*** Provided data ***
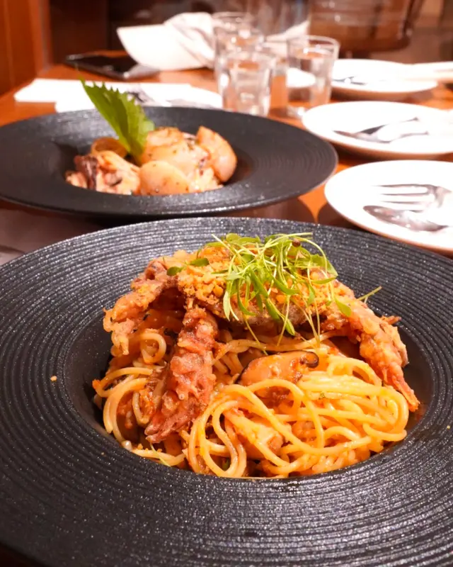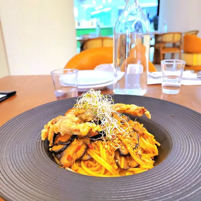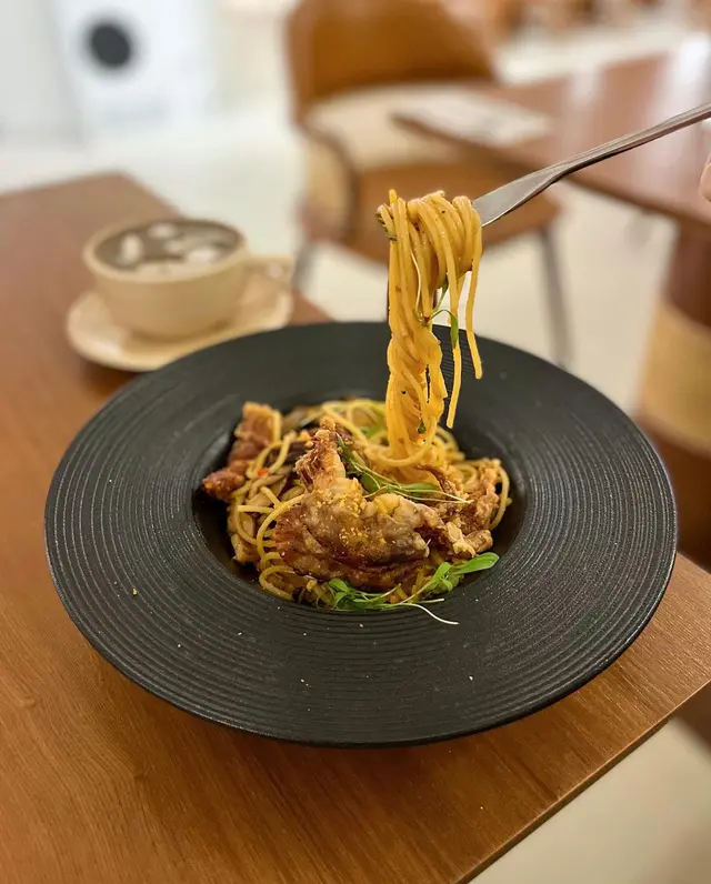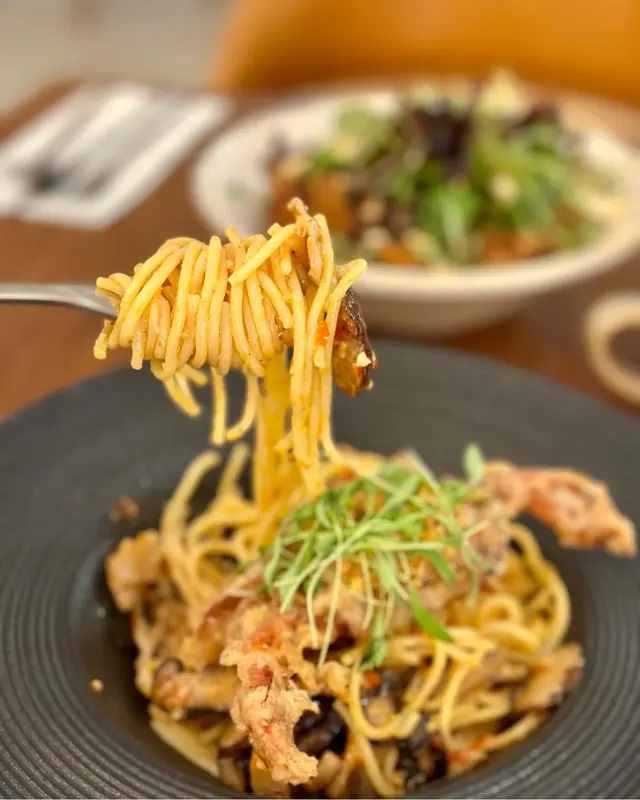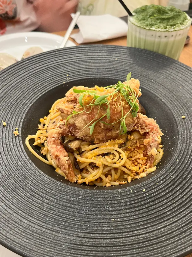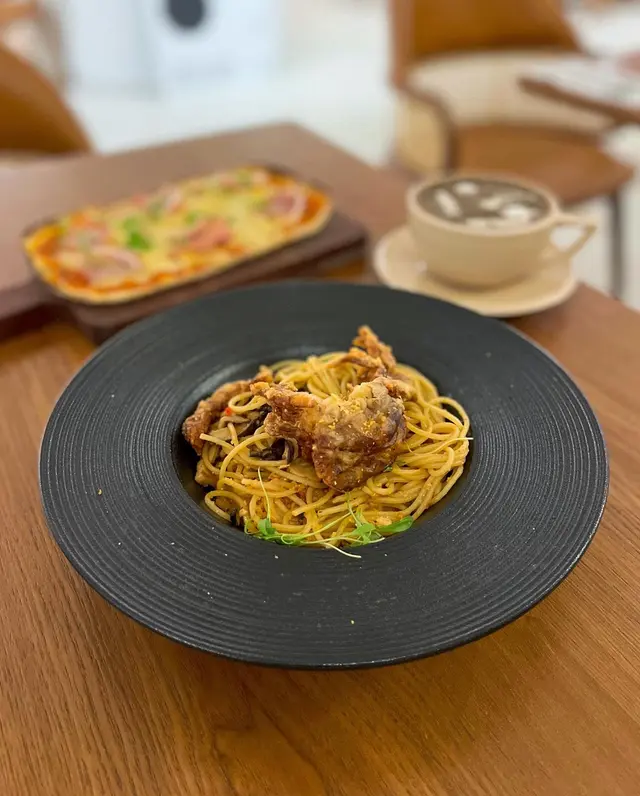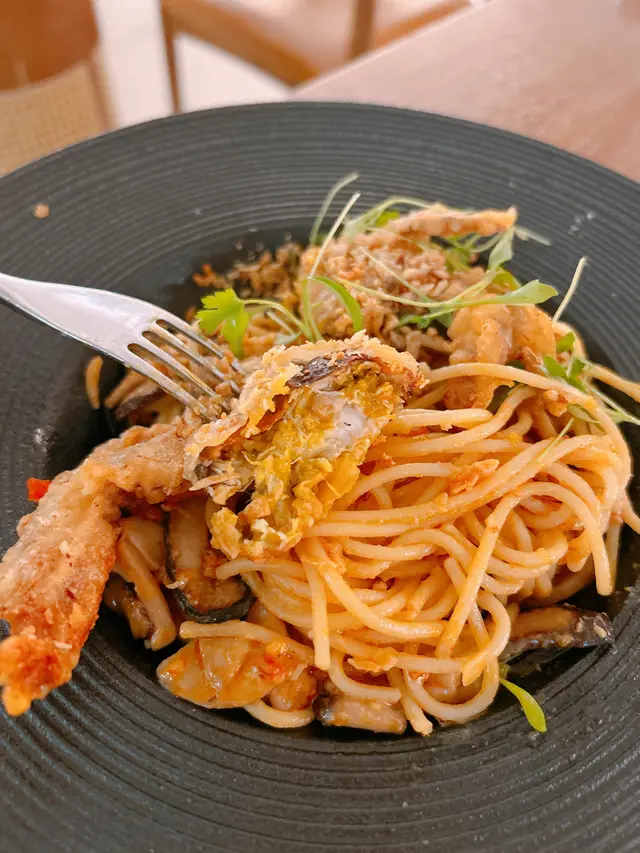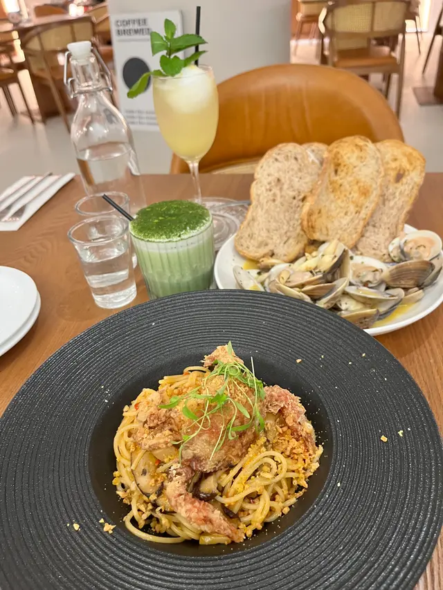 特意選了間空間感大的cafe可以好好放鬆(*´ω`*) ✿ 避風塘香辣軟殼蟹意粉 $128 (另加一)軟殼蟹香脆,炸皮不過厚咬開後,蟹肉肉眼可見意粉軟硬適中、香辣開胃😍稍微偏油,不過避風塘口味就應該是這樣?😂 ✿ 香煎紐西蘭肉眼扒配精選雜菜及法式芥末醬 $208 (另加一)五成熟,顏色紅潤,靜置步驟做得好,無血水肉質軟嫩,肉味濃,調味適中也有配上額外胡椒和鹽芥末醬是溫和的,帶甜味,挑食的友人也很喜歡雜菜也是多汁清甜😋整碟都是十分高質 ✿ 開心果麻糬卷蛋 $68 (另加一)意想不到地濃郁😳連蛋糕本體也嚐到開心果當中還有一層開心果醬,開心果味💯藏有兩塊麻糬,很煙韌!忌廉質地有點特別,像雪糕(? 總之不厚重,不錯的🤤蛋糕頂部的芝士奶蓋也是不馬虎,好吃😍 他們的芭菲和提拉米蘇,看起來也很美味下次於下午茶時段來嚐嚐😍 …查看更多
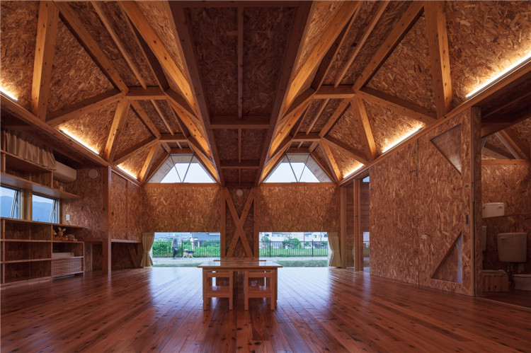 屋頂結(jié)構(gòu)采用折疊板設(shè)計,無柱空間是通過運(yùn)用木桁架梁屋頂結(jié)構(gòu)實現(xiàn)的,形狀像一塊折疊板。所有支撐屋頂結(jié)構(gòu)的承重墻都被布置在建筑外圍?,F(xiàn)在這座建筑分成了兩個保育室、衛(wèi)生間等,但將來也可以轉(zhuǎn)換為一個大房間。
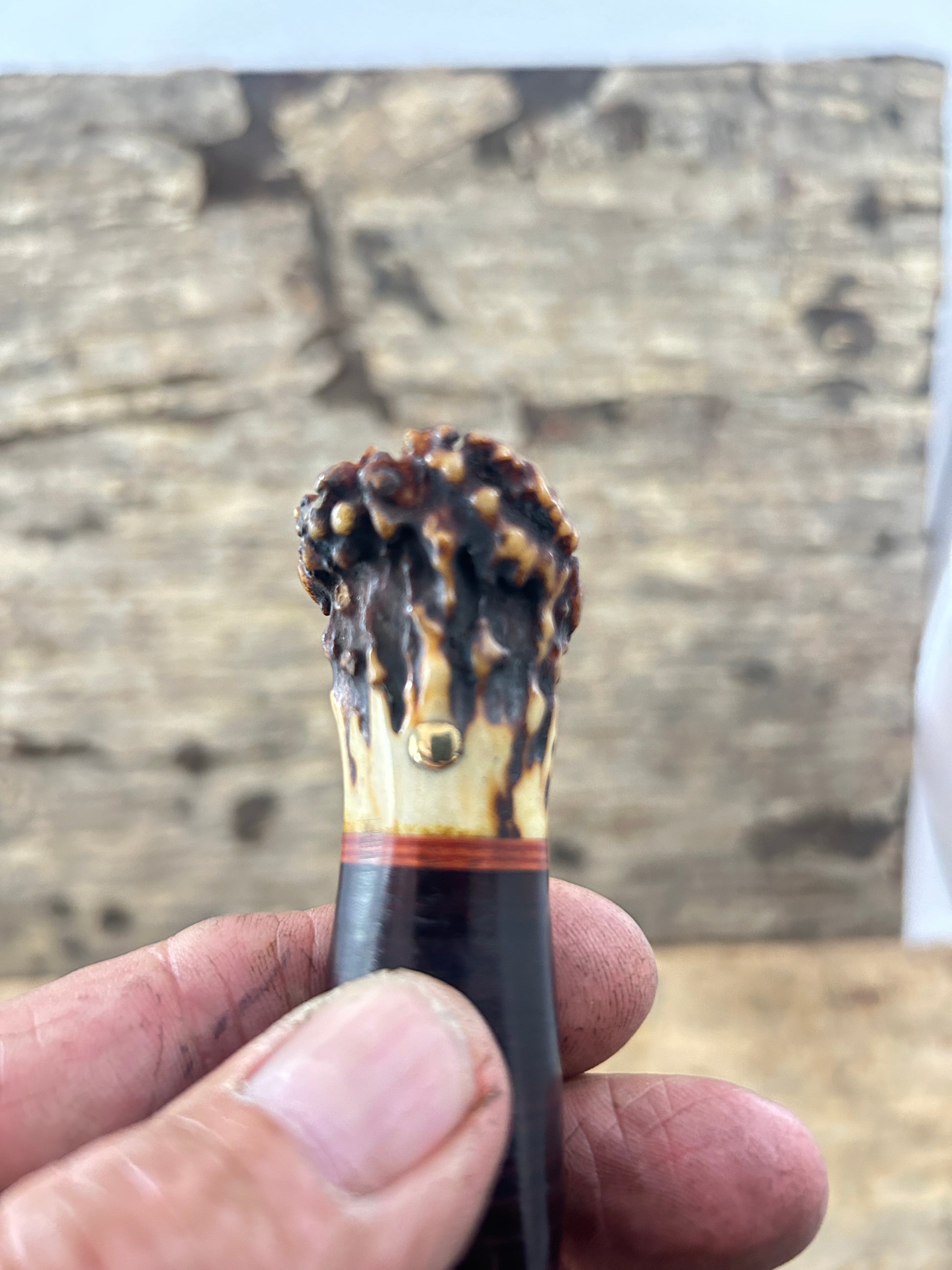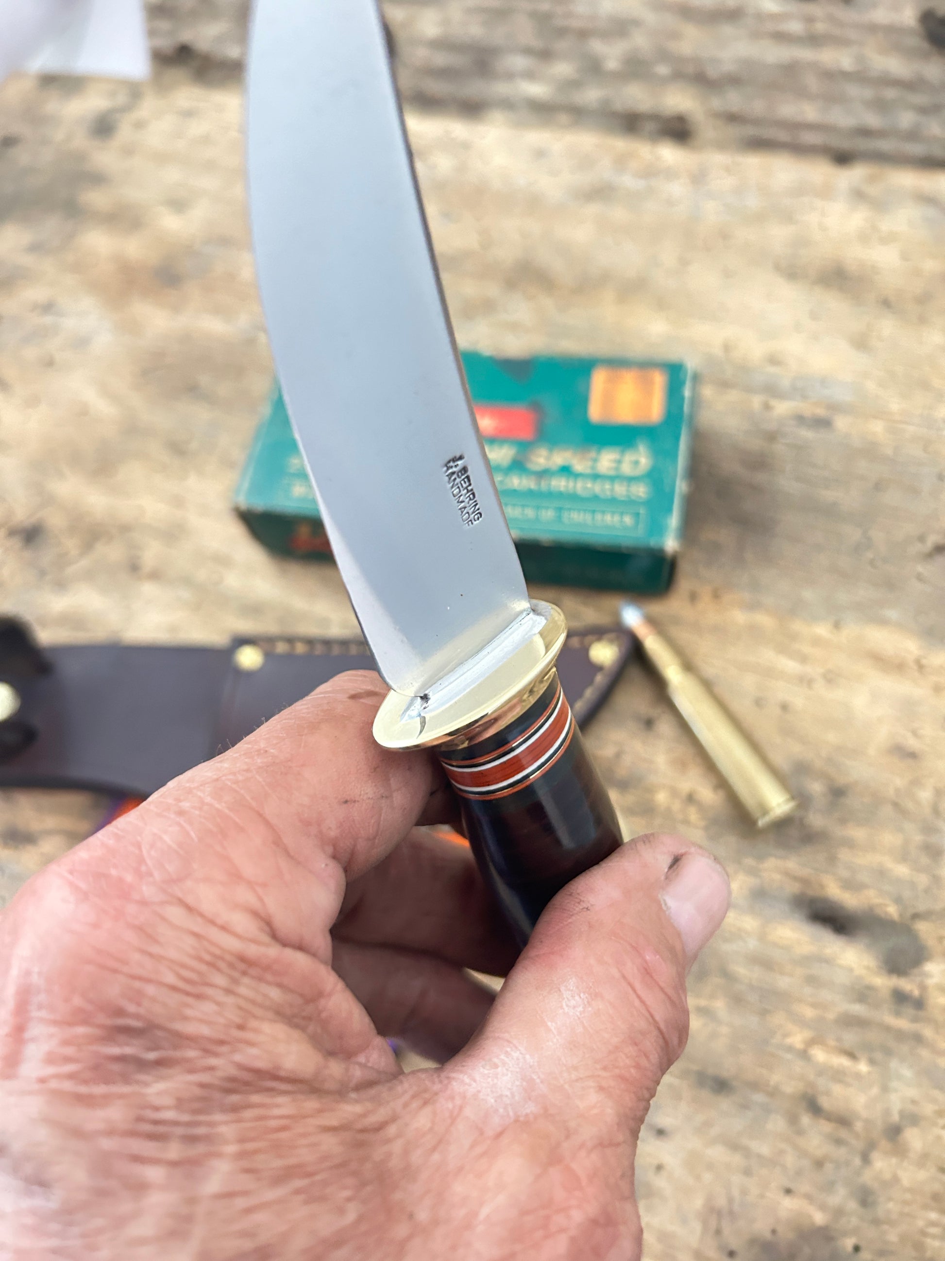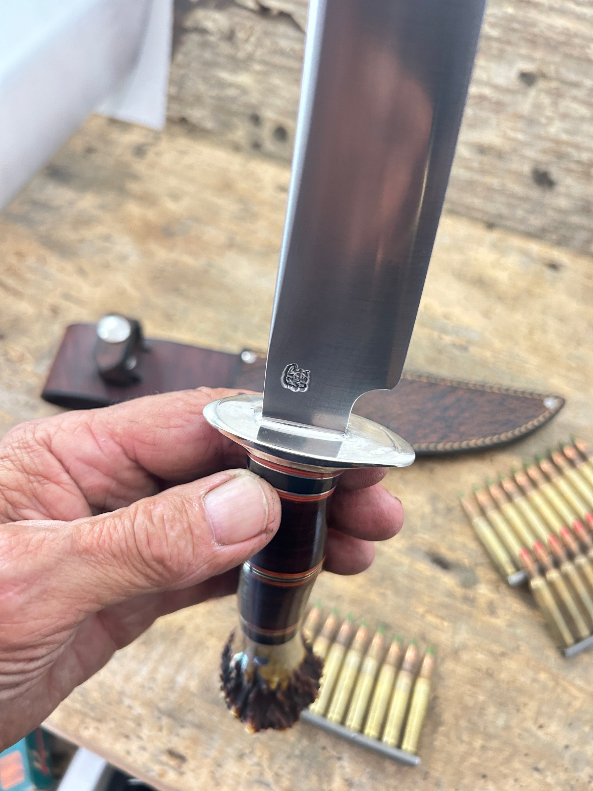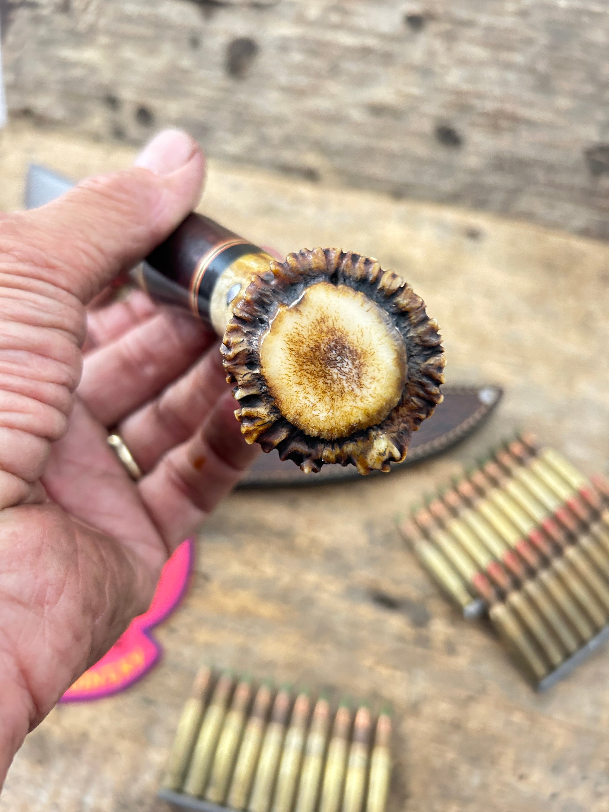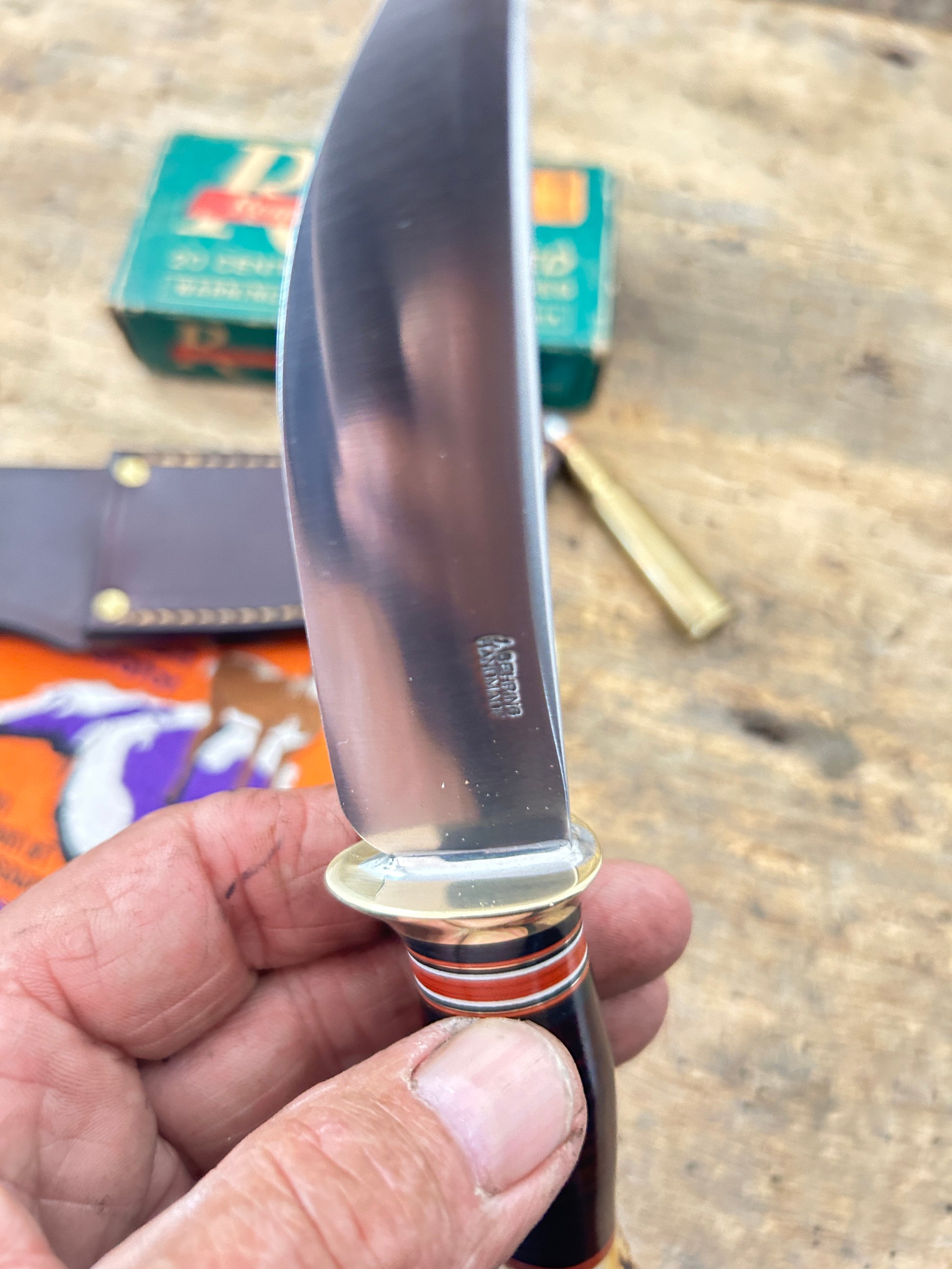 This old school Deer and Trout knife has a 3 7/8" hand forged blade made of 1095 steel. Convex ground with nice clear stamps. Silver soldered guard is brass. Hidden tang is stacked horse hide with a pinned 1930s Wisconsin crown stag . OAL is about 8". Comes with a made to fit belt sheath. Perfect deer hunting knife. Blade is about 1/8" thick. Priced to low . Getting close to the end of the road. Thanks, Jim
*** End of Provided data ***
| Brief |
When you copy the data, keep every line exact and leave out each picture.

| Finished exercise |
 特意選了間空間感大的cafe可以好好放鬆(*´ω`*) ✿ 避風塘香辣軟殼蟹意粉 $128 (另加一)軟殼蟹香脆,炸皮不過厚咬開後,蟹肉肉眼可見意粉軟硬適中、香辣開胃😍稍微偏油,不過避風塘口味就應該是這樣?😂 ✿ 香煎紐西蘭肉眼扒配精選雜菜及法式芥末醬 $208 (另加一)五成熟,顏色紅潤,靜置步驟做得好,無血水肉質軟嫩,肉味濃,調味適中也有配上額外胡椒和鹽芥末醬是溫和的,帶甜味,挑食的友人也很喜歡雜菜也是多汁清甜😋整碟都是十分高質 ✿ 開心果麻糬卷蛋 $68 (另加一)意想不到地濃郁😳連蛋糕本體也嚐到開心果當中還有一層開心果醬,開心果味💯藏有兩塊麻糬,很煙韌!忌廉質地有點特別,像雪糕(? 總之不厚重,不錯的🤤蛋糕頂部的芝士奶蓋也是不馬虎,好吃😍 他們的芭菲和提拉米蘇,看起來也很美味下次於下午茶時段來嚐嚐😍 …查看更多
 屋頂結(jié)構(gòu)采用折疊板設(shè)計,無柱空間是通過運(yùn)用木桁架梁屋頂結(jié)構(gòu)實現(xiàn)的,形狀像一塊折疊板。所有支撐屋頂結(jié)構(gòu)的承重墻都被布置在建筑外圍?,F(xiàn)在這座建筑分成了兩個保育室、衛(wèi)生間等,但將來也可以轉(zhuǎn)換為一個大房間。
 This old school Deer and Trout knife has a 3 7/8" hand forged blade made of 1095 steel. Convex ground with nice clear stamps. Silver soldered guard is brass. Hidden tang is stacked horse hide with a pinned 1930s Wisconsin crown stag . OAL is about 8". Comes with a made to fit belt sheath. Perfect deer hunting knife. Blade is about 1/8" thick. Priced to low . Getting close to the end of the road. Thanks, Jim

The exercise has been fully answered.